How big is your change?

Our second question here is not about statistical standards, but instead is about how big of a difference we expect to see with the proposed change compared to the status quo. Some phrases that people use to talk about this concept are effect size, expected improvement, and improvement threshold. Effect size can be different in different contexts and different parts of our business.

Estimating effect size requires strategic product thinking. Des says, “You need to first understand how different areas of your product perform. Understanding how each part of your funnel converts today helps you decide how big of an effect you’d need to see for the new change to be worth it. We use different questions to help estimate the effect size. How much development work is required to graduate the test? How strategically important is it? Does this feature support future plans? What is the size of audience or action are we optimizing for? These answers are detailed as success criteria in our test plans.” Some of the factors Des takes into account when estimating effect size are volume of events that enter the funnel that is being considered, baseline conversion rate of the feature, and how the expected improvement impacts overall product metrics.

Power calculations

Once we have estimated an effect size for our test and know the statistical standards we are going to use in planning, we can do a power calculation to find out how big of a sample size we need for our test. The point of power calculations like these is to find out what sample size we need for our A/B test, how many views or users or form submissions or other interactions we need in each group to achieve the necessary power for our test. Then we can finally start our test! Time to wait for those events to roll in.
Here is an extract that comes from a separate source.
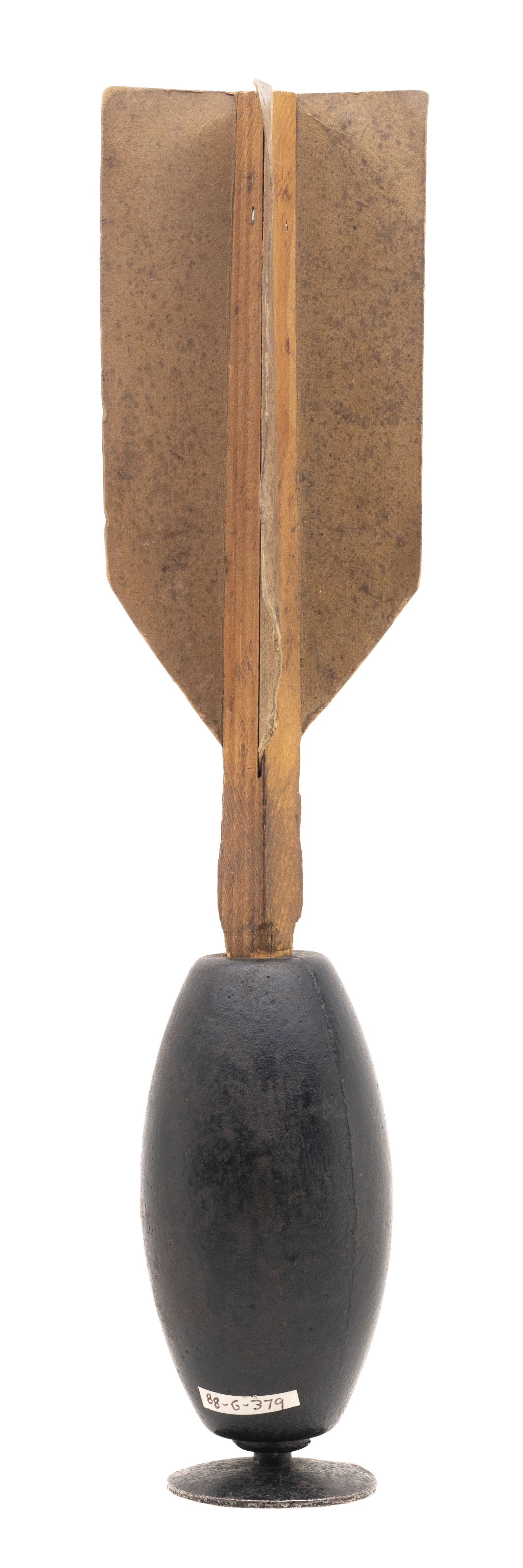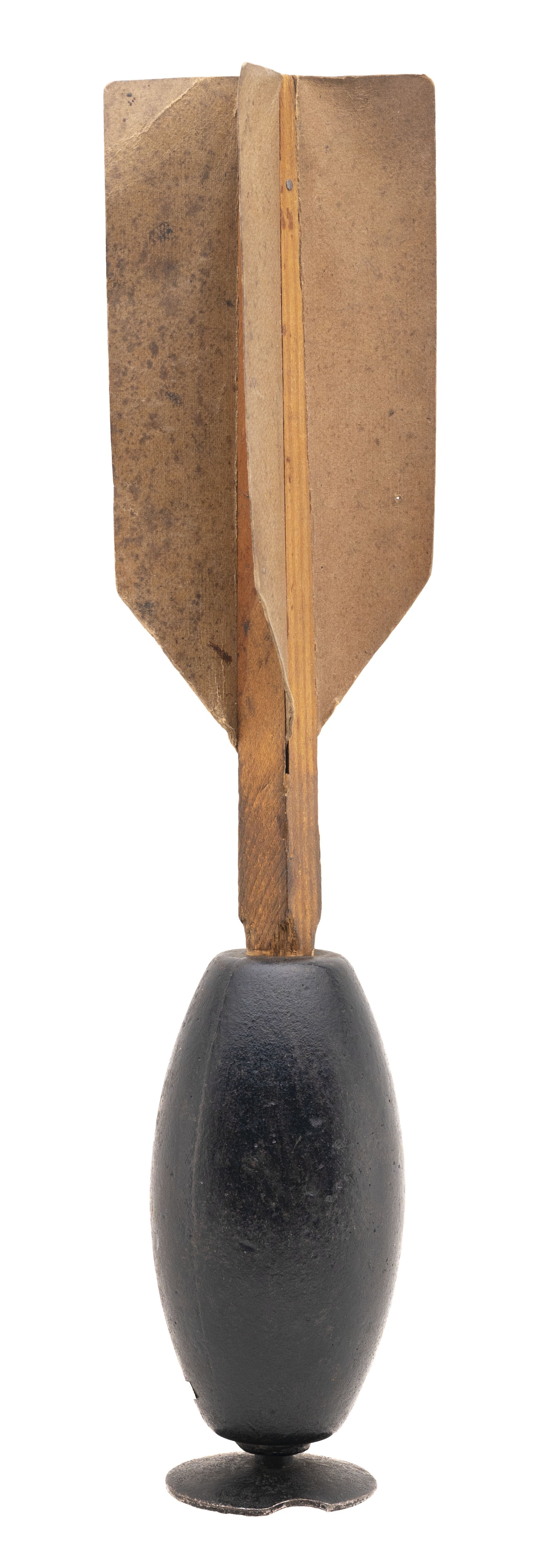 Inert original Ketchum hand grenade made circa 1860's. The Ketchum grenade was made in three different variants, this particular variant is a 3lb variant. The fletching is in very good condition. The plunger and grenade itself is in very good condition. This is an very good condition artifact from the American Civil War.

How do we calculate how big of a sample we need, to measure the change we expect with the statistical standards we’ve chosen? For most tests, our product teams use online calculators to find the sample size. I’m an R developer, so I would use a function in R for such a test. For more complicated tests, we on the data team sometimes run simulations for power calculations.

When we calculate power, we see first-hand how power, significance level, and effect size interact with sample size and the baseline conversion rate that we were dealing with to start with. I built a Shiny app to demonstrate how these factors are related for a proportion test, which is typically applicable in our A/B tests.

You can click the “Source Code” button on the app to see the R code that built this app. Notice the shapes of the curves, and how they change when you move the sliders. We need bigger sample sizes to measure small effect sizes, or to achieve low significance levels. If the baseline rate is higher to start with, the sample size needed for a given power goes down. These complicated interactions affect our A/B tests at Stack Overflow.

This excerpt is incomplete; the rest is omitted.